Published:Saturday | January 18, 2020 | 12:00 AM

THE EDITOR, Madam:

I just read Dr Alfred Dawes article ‘The Patois problem’ published in last Sunday’s Gleaner on Patois (Jamaican Creole – JC). For full disclosure, let me first state that I am a graduate of the Jamaican Language Unit (JLU).

I appreciate a good joke and usually thoroughly enjoy sarcasm. However, while the article is the sort of thing I’d normally laugh at, I didn’t find it funny. This is not because I’ve been brainwashed by the folks at the JLU, but because I find it unfortunate how the Patois debate has been and is being mis-focused (just made that up, sorry).

I was exposed to the JLU’s position on JC while on the programme of study, but, having given it some thought, I formed my own opinion. Call it hubris or egotism on my part, but I think my position is better than the JLU’s and I think the efforts to change the views of the Government and the ‘educated classes’ about Patois would be better served if the argument were presented as I see it.

Here is my position:

The JLU has done its research, which, consistent with research in other countries, showed that children perform better when taught in their native tongue.

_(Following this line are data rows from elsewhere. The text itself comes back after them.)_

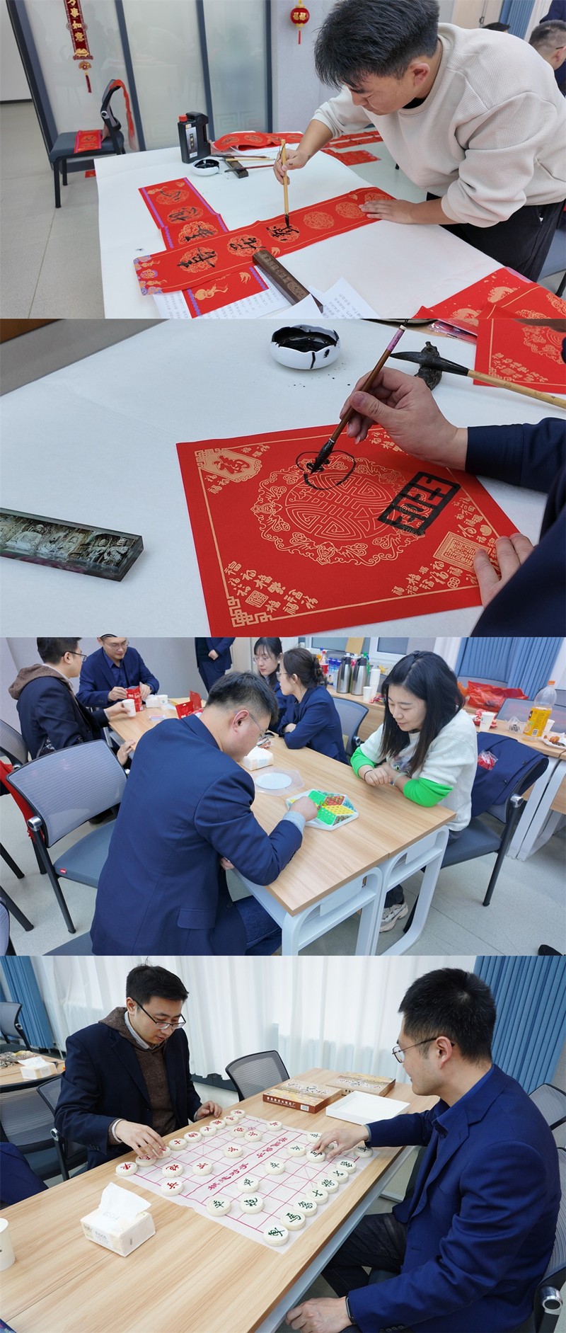 棋牌类游戏区,,博弈双方凝思屏气、见招拆招、运筹帷幄、乐在“棋”中。。春联福字区,,长桌排开、翰墨飘香,,喜迎新春的气氛扑面而来。。一声声叫好、一副副春联、一个个“福”字,,承载着各人对新年的优美期盼与祝福。。
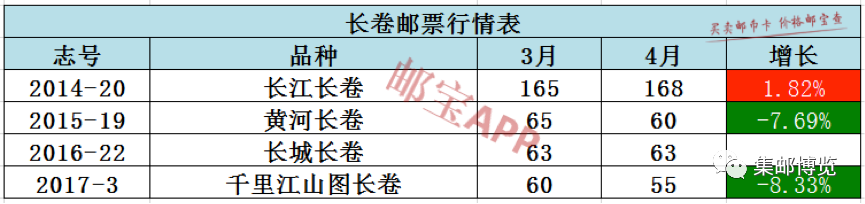 黄河长卷上月行情为65元,本月最新行情为60元,下跌7.69%。
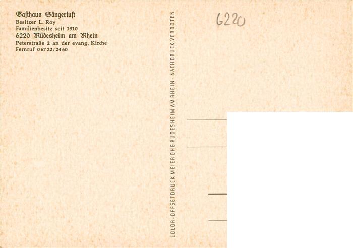 73936543 Ruedesheim am Rhein Gasthaus Saengerlust Gastraum postalisch nicht gelaufen Erhaltung siehe scans [FriedD77] KatCode: 11110006439013
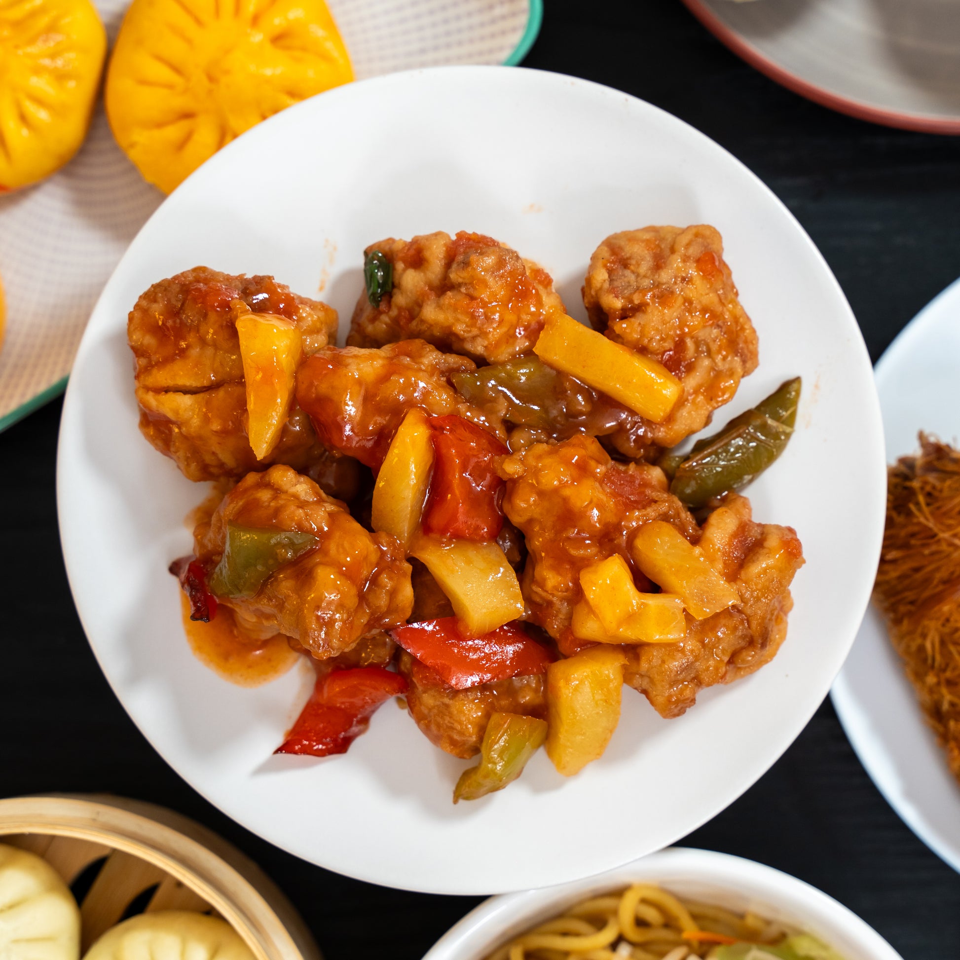 • Hähnchenbissen in süß-saurer Sauce (2 Portionen)Knusprige Hähnchenstücke, übergossen mit einer köstlichen hausgemachten süß-sauren Sauce, eine perfekte Balance aus Süße und einer leicht säuerlichen Note.Zutaten:paniertes Brathähnchen, hausgemachte süß-saure Soße, Ananas.
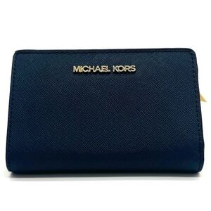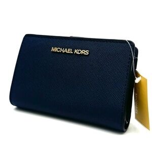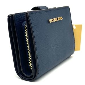 Michael Kors Medium Bifold Zip Chain Wallet Navy Blue

Whenever I have spoken about the need to teach in JC, I have been met with irritation if not anger and some expression – almost always in JC – of “I don’t want my child to be taught Patois!” (which, as you will appreciate, is not what I would have proposed).

From this experience, I learned to instead pose this question (rhetorically): Imagine when you started school and were learning Spanish (or French or any other second language) that you were simultaneously being taught all your other subjects – mathematics, history, Science, etc. – in that language. Do you think you’d be at a disadvantage relative to a student who already knew the language? That always seems to set them thinking, though maybe not change their position.

LEVEL THE PLAYING FIELD

There are children in Jamaica who grow up speaking English and understand English perfectly well. The majority, I dare say, do not. As a result, even when they get to the tertiary level and beyond, they do not fully comprehend English, even though some of them are able to produce passing English sentences.

To level the playing field, some children need to learn English at school from an early age.

An improvement on my idea, proposed to me by someone recently, is for instruction to be given in Patois during the primary years, with English being taught simultaneously as a second language. Beyond the primary level, instruction would then be solely in English. (Of course, there can be adjustments to this, for example, Patois instruction might not be needed for the full six years of primary school.)